Listed records
=== Begin Enclosure ===
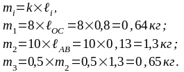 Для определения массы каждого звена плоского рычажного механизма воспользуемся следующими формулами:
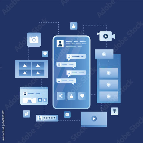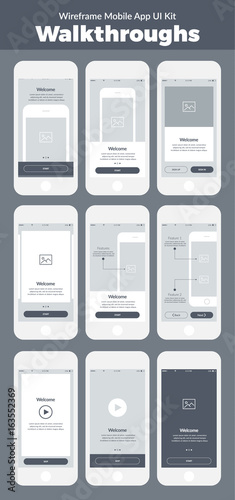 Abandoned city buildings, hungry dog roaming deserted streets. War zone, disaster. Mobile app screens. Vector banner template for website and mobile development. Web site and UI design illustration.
=== End Enclosure ===
=== Begin Enclosure ===
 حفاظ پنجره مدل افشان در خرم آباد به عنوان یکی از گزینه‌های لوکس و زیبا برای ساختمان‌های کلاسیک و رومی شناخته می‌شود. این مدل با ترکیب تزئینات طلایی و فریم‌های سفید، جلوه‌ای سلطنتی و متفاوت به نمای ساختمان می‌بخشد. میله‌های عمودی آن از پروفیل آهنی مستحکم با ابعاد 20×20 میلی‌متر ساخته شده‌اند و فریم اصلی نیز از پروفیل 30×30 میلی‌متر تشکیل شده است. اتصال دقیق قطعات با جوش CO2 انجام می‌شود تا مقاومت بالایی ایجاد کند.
=== End Enclosure ===
Although the records hold pictures, the copy must not; give again exactly the lines from the one with "Для определения массы" through the one with "Abandoned city buildings, hungry".

Written reply
 Для определения массы каждого звена плоского рычажного механизма воспользуемся следующими формулами:
 Abandoned city buildings, hungry dog roaming deserted streets. War zone, disaster. Mobile app screens. Vector banner template for website and mobile development. Web site and UI design illustration.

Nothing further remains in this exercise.